■ Directions for this task ■
Wherever pictures appear in the listing below, leave them out, and copy exactly, and only, everything from the line with "Specification: 2 Pack" down to the line with "SONGMICS Raft de".

■ Information ■
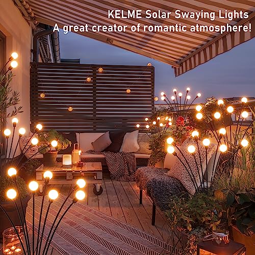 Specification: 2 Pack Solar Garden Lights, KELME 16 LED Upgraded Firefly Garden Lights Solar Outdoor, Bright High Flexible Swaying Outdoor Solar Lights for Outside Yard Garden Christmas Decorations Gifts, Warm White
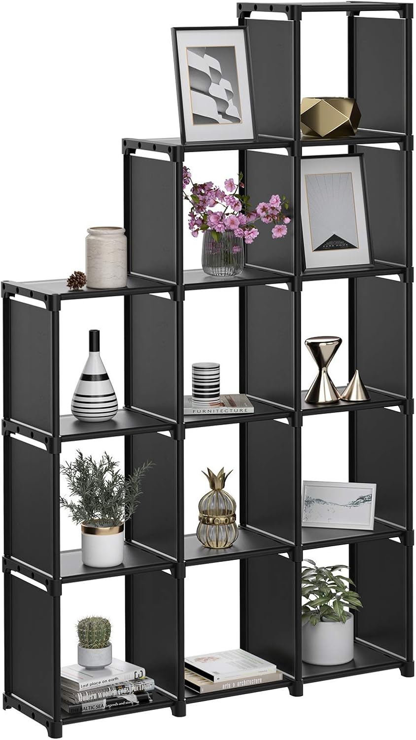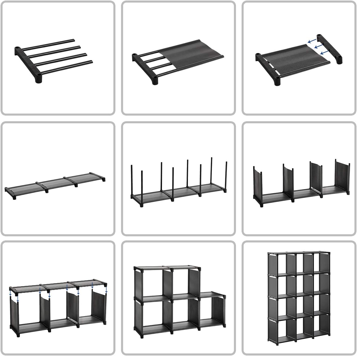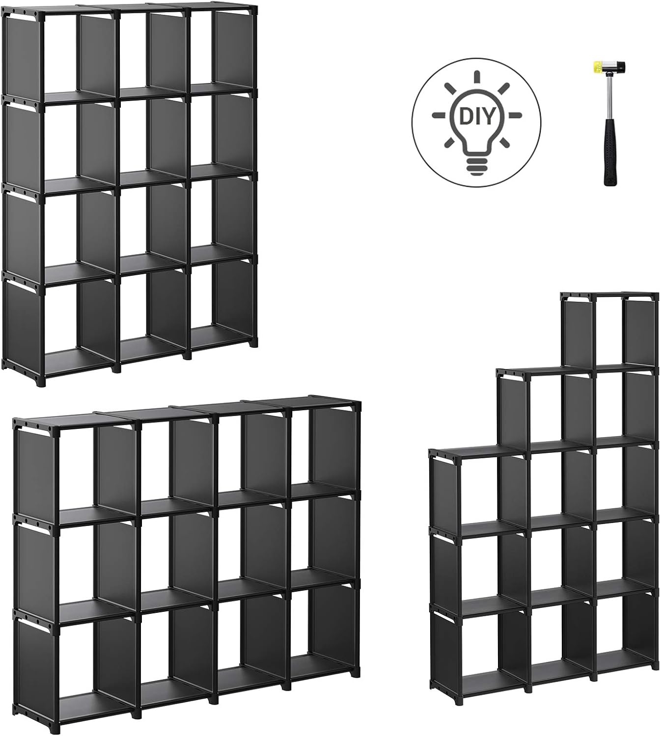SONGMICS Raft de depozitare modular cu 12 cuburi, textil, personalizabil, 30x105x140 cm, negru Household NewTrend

--

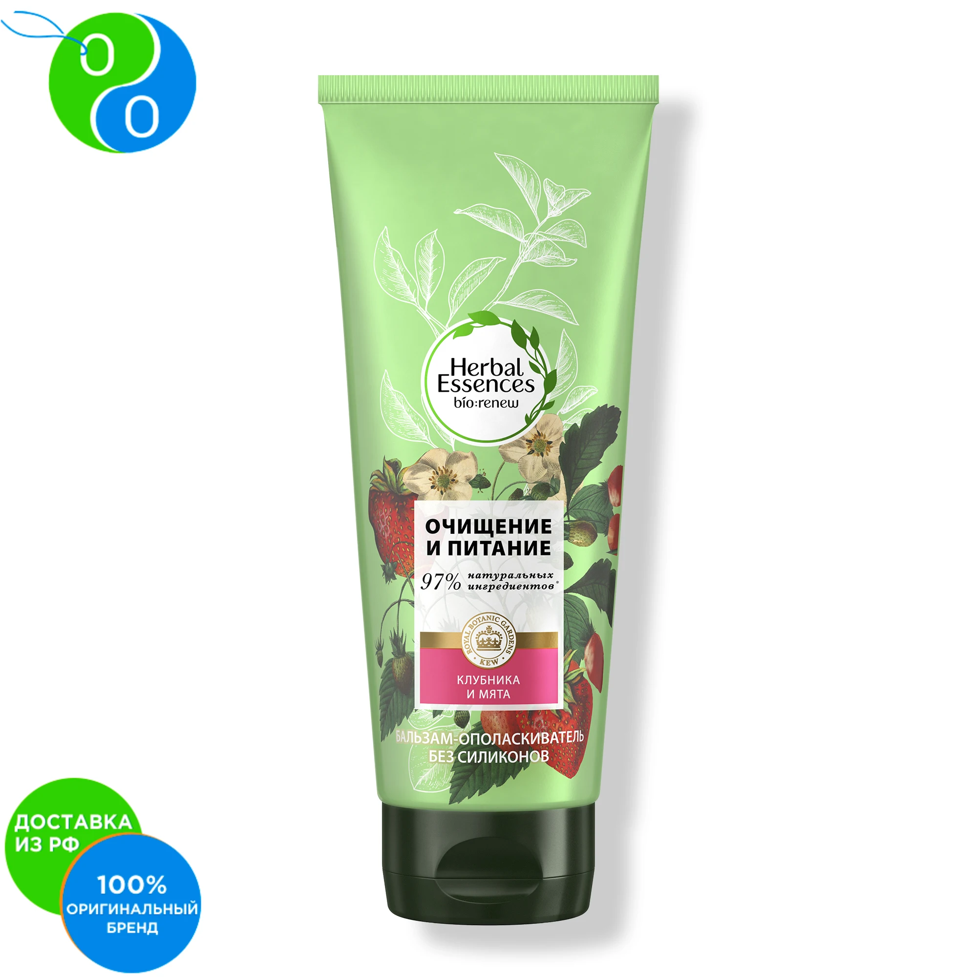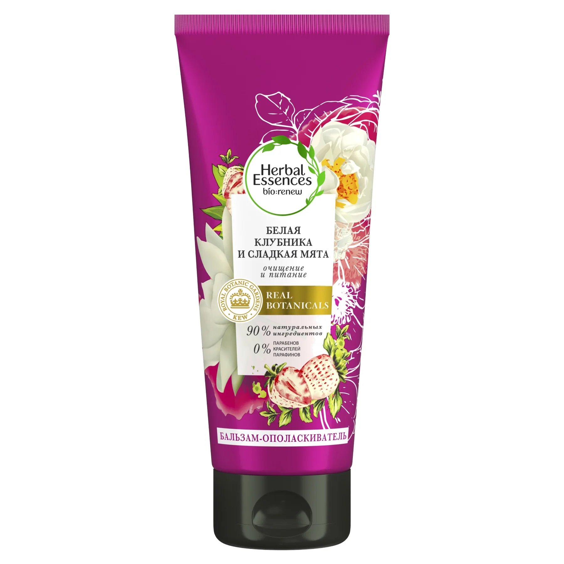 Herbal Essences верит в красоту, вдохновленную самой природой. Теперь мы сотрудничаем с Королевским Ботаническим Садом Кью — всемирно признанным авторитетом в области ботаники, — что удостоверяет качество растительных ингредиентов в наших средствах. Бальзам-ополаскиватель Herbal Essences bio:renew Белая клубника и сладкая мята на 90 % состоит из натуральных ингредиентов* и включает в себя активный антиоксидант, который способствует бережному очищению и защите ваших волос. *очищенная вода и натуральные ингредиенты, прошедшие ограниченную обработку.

--

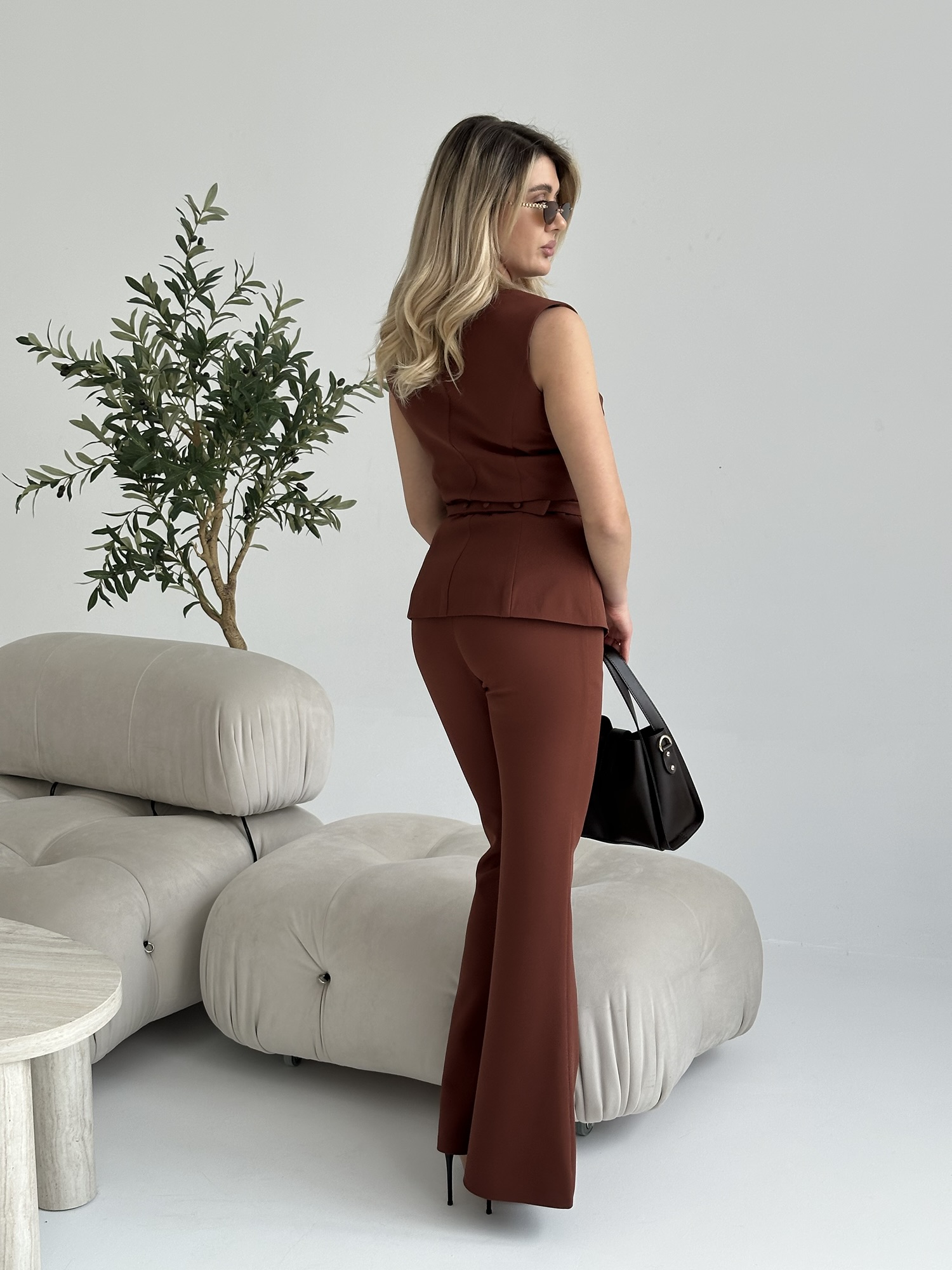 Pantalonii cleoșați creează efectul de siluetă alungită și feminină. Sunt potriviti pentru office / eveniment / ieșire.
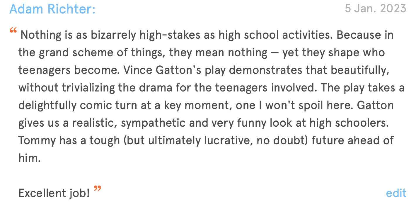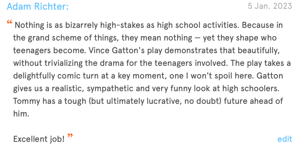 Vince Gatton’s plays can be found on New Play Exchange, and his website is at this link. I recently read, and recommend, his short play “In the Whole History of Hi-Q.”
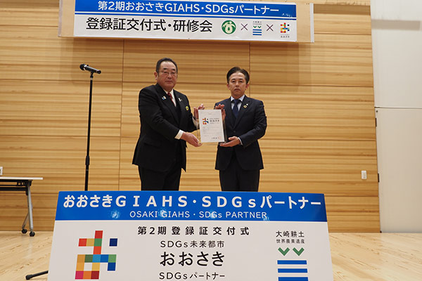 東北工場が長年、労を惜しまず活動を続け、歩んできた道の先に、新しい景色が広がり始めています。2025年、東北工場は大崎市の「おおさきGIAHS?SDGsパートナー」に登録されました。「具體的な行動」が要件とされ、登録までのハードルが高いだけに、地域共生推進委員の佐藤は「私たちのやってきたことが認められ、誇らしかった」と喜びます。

■ Answer to the exercise ■
 Specification: 2 Pack Solar Garden Lights, KELME 16 LED Upgraded Firefly Garden Lights Solar Outdoor, Bright High Flexible Swaying Outdoor Solar Lights for Outside Yard Garden Christmas Decorations Gifts, Warm White
SONGMICS Raft de depozitare modular cu 12 cuburi, textil, personalizabil, 30x105x140 cm, negru Household NewTrend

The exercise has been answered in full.